- SOURCE MATERIAL -
*** Block opens ***

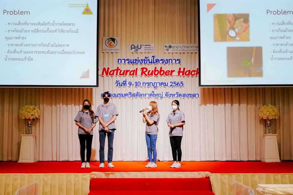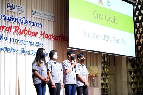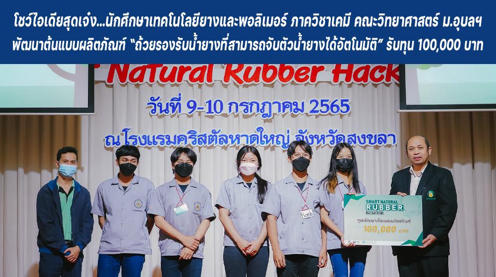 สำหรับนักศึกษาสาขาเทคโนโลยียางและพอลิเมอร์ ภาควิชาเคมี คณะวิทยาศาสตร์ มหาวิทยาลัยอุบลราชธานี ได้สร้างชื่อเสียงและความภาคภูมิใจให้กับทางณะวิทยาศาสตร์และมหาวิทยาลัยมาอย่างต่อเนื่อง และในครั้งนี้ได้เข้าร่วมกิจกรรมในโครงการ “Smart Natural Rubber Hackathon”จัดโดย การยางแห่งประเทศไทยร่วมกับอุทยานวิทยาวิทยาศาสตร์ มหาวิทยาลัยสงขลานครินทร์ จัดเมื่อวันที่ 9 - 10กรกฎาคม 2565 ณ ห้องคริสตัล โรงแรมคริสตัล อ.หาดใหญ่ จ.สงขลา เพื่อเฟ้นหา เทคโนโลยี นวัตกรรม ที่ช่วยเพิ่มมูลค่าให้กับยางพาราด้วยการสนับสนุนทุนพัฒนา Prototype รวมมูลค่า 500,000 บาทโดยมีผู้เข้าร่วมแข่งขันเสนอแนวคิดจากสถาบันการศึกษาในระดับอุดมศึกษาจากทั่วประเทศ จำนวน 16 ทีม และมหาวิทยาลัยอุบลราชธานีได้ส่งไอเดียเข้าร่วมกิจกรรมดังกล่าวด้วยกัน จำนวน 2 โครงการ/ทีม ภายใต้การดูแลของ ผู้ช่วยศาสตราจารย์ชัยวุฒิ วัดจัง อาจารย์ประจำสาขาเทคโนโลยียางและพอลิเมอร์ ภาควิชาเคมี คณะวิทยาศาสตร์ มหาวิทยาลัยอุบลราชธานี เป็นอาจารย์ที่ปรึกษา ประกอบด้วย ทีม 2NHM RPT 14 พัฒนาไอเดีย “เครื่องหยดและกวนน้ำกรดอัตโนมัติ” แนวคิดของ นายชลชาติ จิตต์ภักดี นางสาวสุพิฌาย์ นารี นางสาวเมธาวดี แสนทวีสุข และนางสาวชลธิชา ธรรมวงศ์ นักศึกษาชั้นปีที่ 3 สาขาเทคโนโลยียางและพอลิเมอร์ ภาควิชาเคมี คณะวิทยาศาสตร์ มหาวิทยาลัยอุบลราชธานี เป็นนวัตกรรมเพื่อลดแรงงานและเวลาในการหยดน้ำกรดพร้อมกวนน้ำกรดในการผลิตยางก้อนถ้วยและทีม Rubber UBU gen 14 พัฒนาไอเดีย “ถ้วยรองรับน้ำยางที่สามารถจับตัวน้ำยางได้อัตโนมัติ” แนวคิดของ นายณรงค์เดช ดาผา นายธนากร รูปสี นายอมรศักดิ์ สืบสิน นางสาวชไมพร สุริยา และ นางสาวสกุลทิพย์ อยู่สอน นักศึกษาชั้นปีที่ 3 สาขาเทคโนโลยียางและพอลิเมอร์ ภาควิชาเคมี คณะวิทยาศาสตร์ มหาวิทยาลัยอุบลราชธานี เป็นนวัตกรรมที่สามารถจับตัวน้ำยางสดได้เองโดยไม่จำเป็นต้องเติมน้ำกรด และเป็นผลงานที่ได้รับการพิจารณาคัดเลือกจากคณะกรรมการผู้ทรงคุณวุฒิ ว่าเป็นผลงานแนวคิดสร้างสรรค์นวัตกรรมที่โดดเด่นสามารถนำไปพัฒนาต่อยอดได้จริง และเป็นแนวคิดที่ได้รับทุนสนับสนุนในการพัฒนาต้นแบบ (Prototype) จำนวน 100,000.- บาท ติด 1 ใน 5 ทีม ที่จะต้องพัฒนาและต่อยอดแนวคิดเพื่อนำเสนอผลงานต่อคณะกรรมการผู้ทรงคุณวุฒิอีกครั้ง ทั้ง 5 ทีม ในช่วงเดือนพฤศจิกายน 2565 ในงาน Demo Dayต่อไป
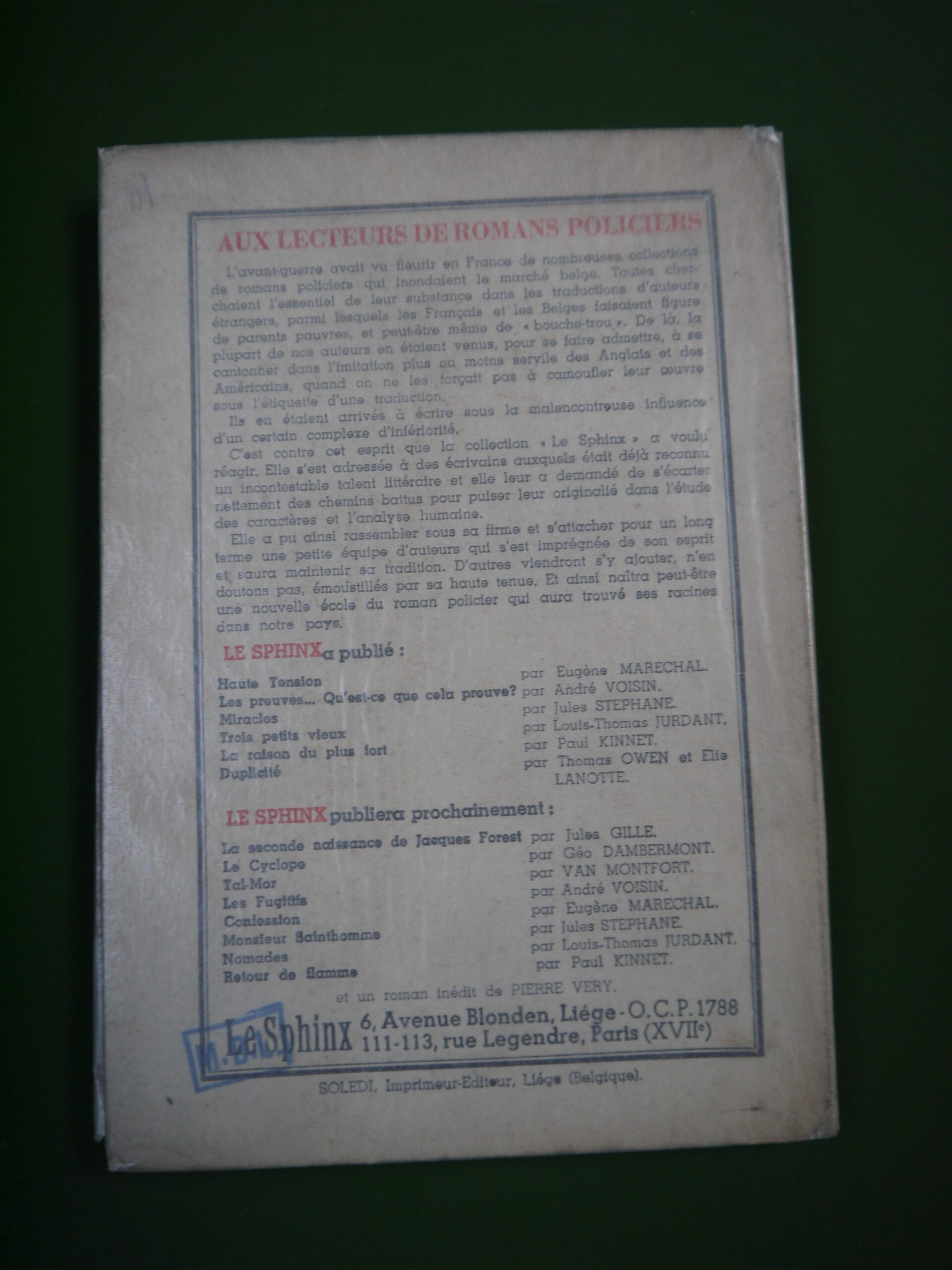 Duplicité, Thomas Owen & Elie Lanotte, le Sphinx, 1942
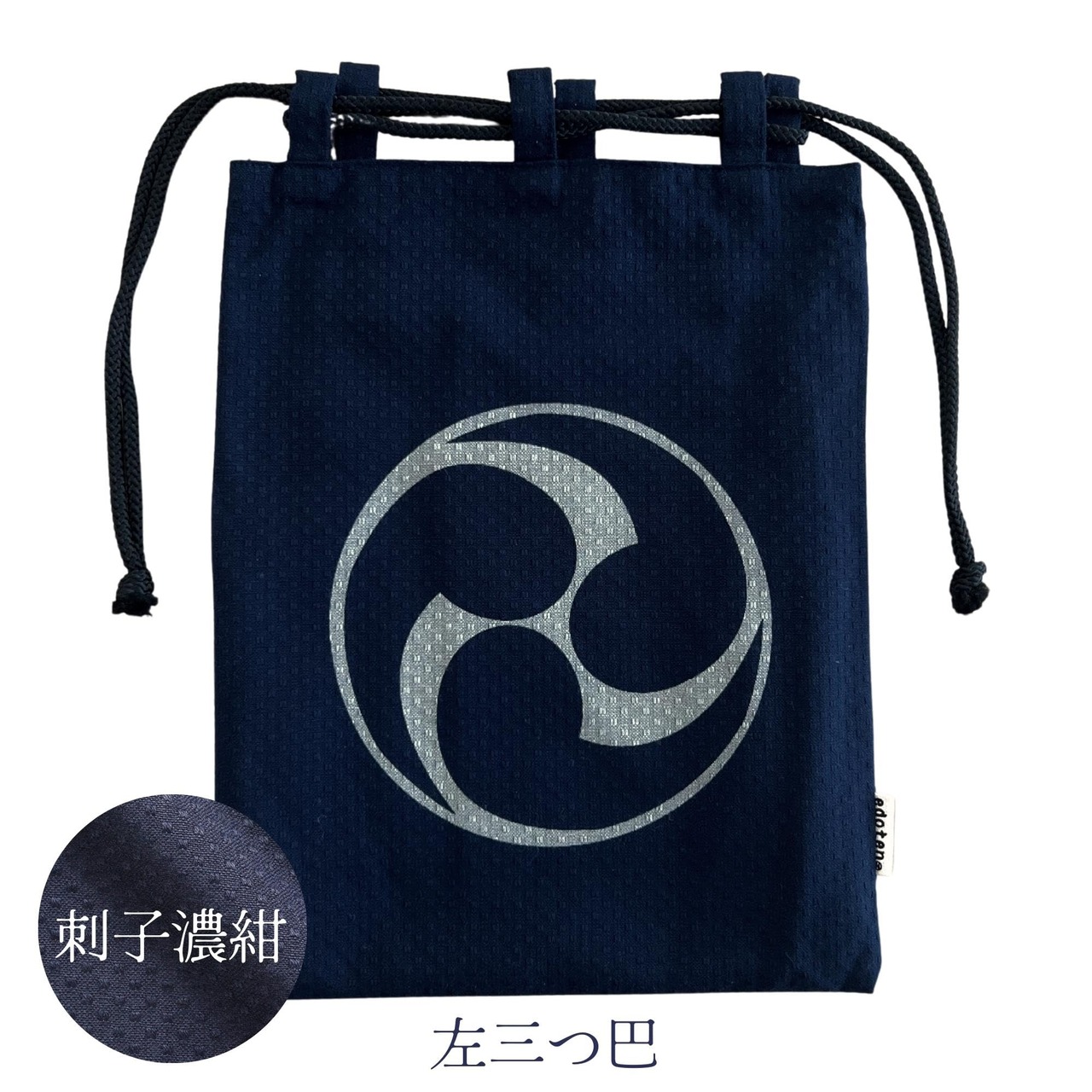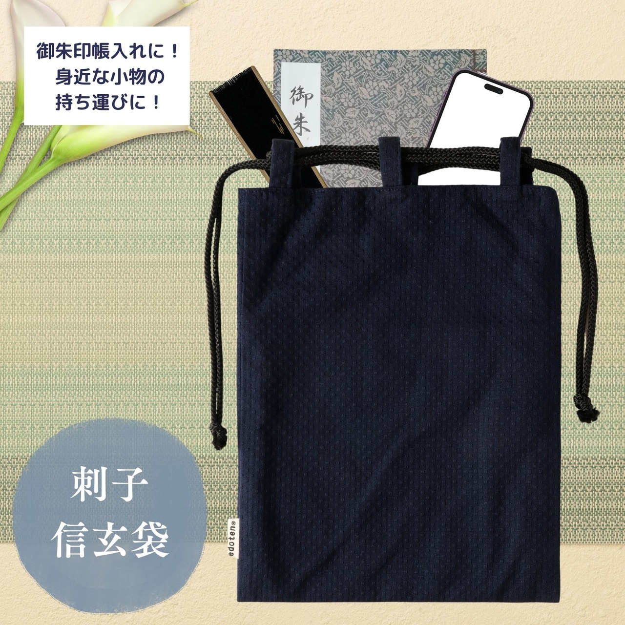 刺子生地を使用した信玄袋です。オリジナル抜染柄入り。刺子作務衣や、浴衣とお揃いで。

*** Block closes ***

- TASK PROMPT -
Every line from the one containing "Duplicité, Thomas Owen" to the end of the material above is to be returned exactly, with the pictures left out.

- RESULT FOR THIS EXERCISE -
 Duplicité, Thomas Owen & Elie Lanotte, le Sphinx, 1942
 刺子生地を使用した信玄袋です。オリジナル抜染柄入り。刺子作務衣や、浴衣とお揃いで。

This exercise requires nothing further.